To change the metaphor, it’s like living in a novel.  There comes a point in every good story when things get hard and dangerous, wild and wooly. The hero goes down for the count (and it’s usually his own fault). And if you’re not one of those heretics who skip to the end of the book first, you almost don’t want to keep reading; because there is no way under heaven it’s going to turn out like you hope it will. The sea pours into the dike. The plane’s engines start to cough. Edmund heads off with the White Witch. Frodo lies still under the cliffs of Cirith Ungol. Bigwig is in the wire. David stares at Uriah with fear and frustration and murder in his heart. Adam grasps a fruit in desperation.
God hangs on a cross.
One of my favorite words as a ten-year-old was antepenultimate. (æn.ti.pəˈnʌl.ti.mət) It’s Latin based, an adjective, and basically means “the thing before the thing before the last thing.” For example, Thursday is the antepenultimate day of the week. The twenty-ninth is the antepenultimate day of July. And after the antepenultimate, comes the penultimate. In a good novel, you have at least one antepenultimate build-up, a penultimate crisis, and the final, crashing resolution. In a really good one, you have several.
In one sense, all of human life is the Antepenultimate. From the first squalling breath to the last shuddering gasp, every son of Adam and daughter of Eve lives in the crisis. We ride the shock waves, travel the journeys, and generally wind up nowhere near where we wanted to go ten years ago. If we had known our current destinations a decade ago, we’d be terrified, disappointed, or both; no matter how good (or terrible) it would seem. We’d probably be so worried about how to achieve (or miss) this spot on the map that we’d freeze.

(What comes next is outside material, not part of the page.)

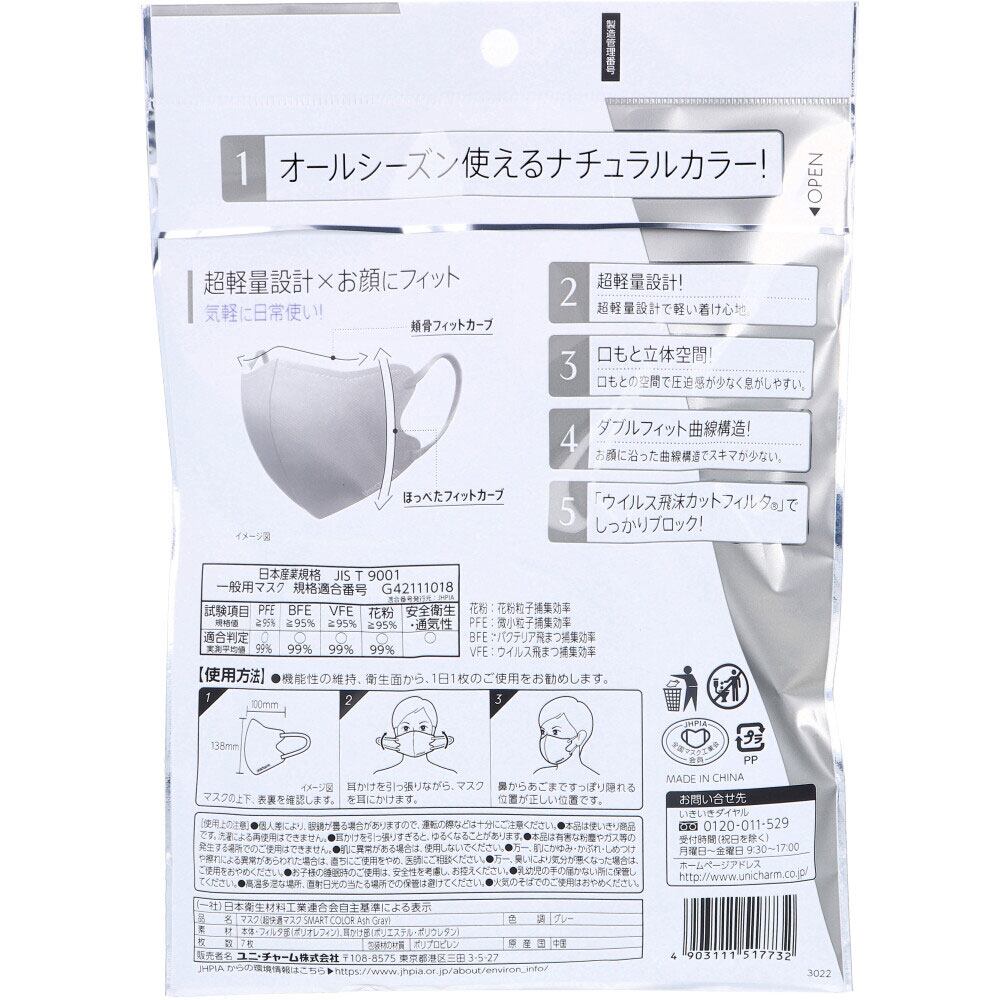 超快適マスク スマートカラー(SMART COLOR) アッシュグレー ふつうサイズ 7枚入

It’s not really good to know that you’re in the crisis part of the novel as a character...it tends to chill the blood.
And wherever you wind up, eventually comes the greatest crisis. Death, the Penultimate Event. If you cross that bridge, your GPS has no way to recalculate your route. One way only.
But then you reach your Ultimate (in both senses) destination. And once you’ve made it there, the route you’ve taken—missed side roads, exits, gas stations, and all—will make perfect sense. It will, literally, be the only road you could have taken to get Home. You climb out of the car, stretch, and grin in sheer, tension-melting relief.
Made it.

Remember that the next time you missed a turn.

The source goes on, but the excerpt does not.